- **Dataset excerpt**
--- START ---

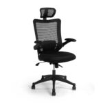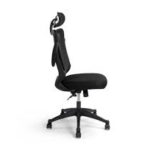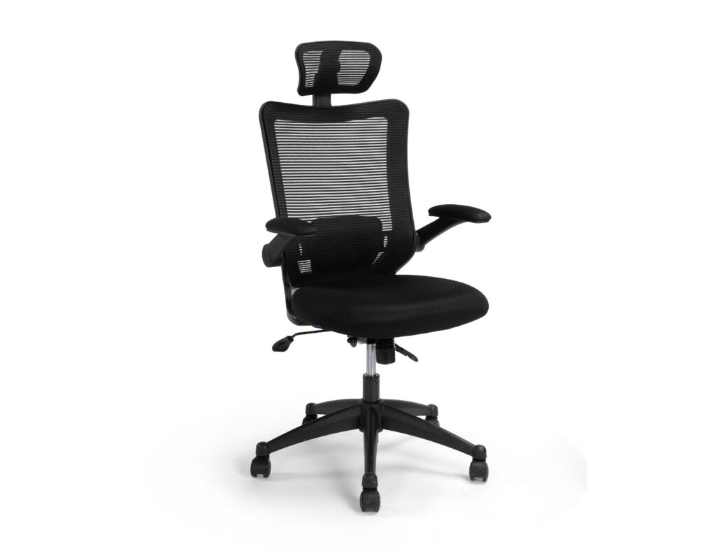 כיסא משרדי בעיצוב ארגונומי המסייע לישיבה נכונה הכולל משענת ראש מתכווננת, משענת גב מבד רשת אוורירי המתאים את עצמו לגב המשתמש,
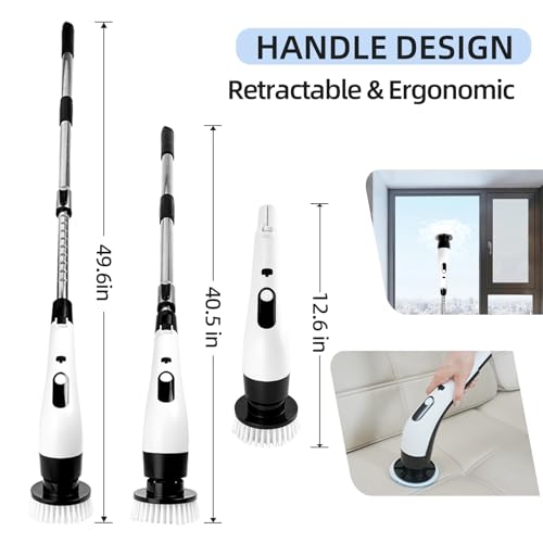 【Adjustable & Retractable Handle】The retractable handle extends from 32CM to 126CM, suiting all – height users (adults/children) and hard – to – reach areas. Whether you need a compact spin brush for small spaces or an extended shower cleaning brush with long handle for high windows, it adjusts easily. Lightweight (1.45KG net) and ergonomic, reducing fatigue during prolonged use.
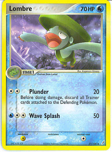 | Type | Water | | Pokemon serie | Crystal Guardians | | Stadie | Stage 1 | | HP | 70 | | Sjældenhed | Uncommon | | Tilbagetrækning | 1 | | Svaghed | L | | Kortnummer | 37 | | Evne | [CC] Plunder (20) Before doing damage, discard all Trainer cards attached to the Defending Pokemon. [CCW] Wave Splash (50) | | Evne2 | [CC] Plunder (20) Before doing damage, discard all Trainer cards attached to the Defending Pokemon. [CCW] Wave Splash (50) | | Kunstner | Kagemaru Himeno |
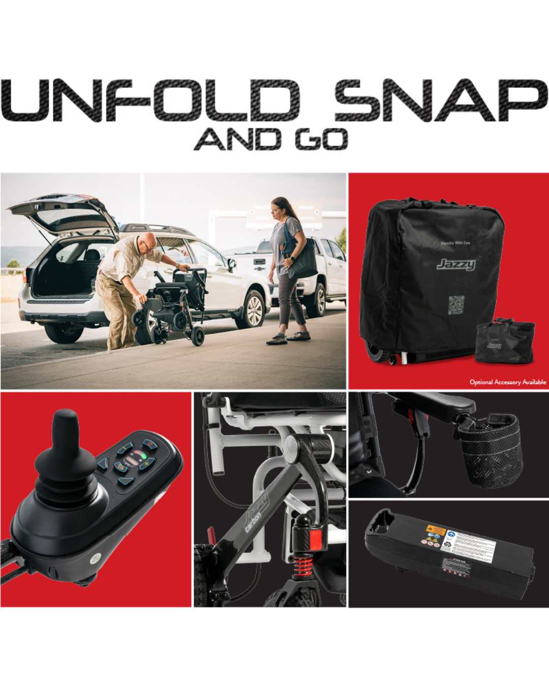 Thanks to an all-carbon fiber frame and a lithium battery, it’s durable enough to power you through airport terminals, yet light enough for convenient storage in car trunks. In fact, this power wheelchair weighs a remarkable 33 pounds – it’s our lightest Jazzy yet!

--- END ---

Exact copy, no pictures: please print the data above once more.

- **Solution to the problem**
 כיסא משרדי בעיצוב ארגונומי המסייע לישיבה נכונה הכולל משענת ראש מתכווננת, משענת גב מבד רשת אוורירי המתאים את עצמו לגב המשתמש,
 【Adjustable & Retractable Handle】The retractable handle extends from 32CM to 126CM, suiting all – height users (adults/children) and hard – to – reach areas. Whether you need a compact spin brush for small spaces or an extended shower cleaning brush with long handle for high windows, it adjusts easily. Lightweight (1.45KG net) and ergonomic, reducing fatigue during prolonged use.
 | Type | Water | | Pokemon serie | Crystal Guardians | | Stadie | Stage 1 | | HP | 70 | | Sjældenhed | Uncommon | | Tilbagetrækning | 1 | | Svaghed | L | | Kortnummer | 37 | | Evne | [CC] Plunder (20) Before doing damage, discard all Trainer cards attached to the Defending Pokemon. [CCW] Wave Splash (50) | | Evne2 | [CC] Plunder (20) Before doing damage, discard all Trainer cards attached to the Defending Pokemon. [CCW] Wave Splash (50) | | Kunstner | Kagemaru Himeno |
 Thanks to an all-carbon fiber frame and a lithium battery, it’s durable enough to power you through airport terminals, yet light enough for convenient storage in car trunks. In fact, this power wheelchair weighs a remarkable 33 pounds – it’s our lightest Jazzy yet!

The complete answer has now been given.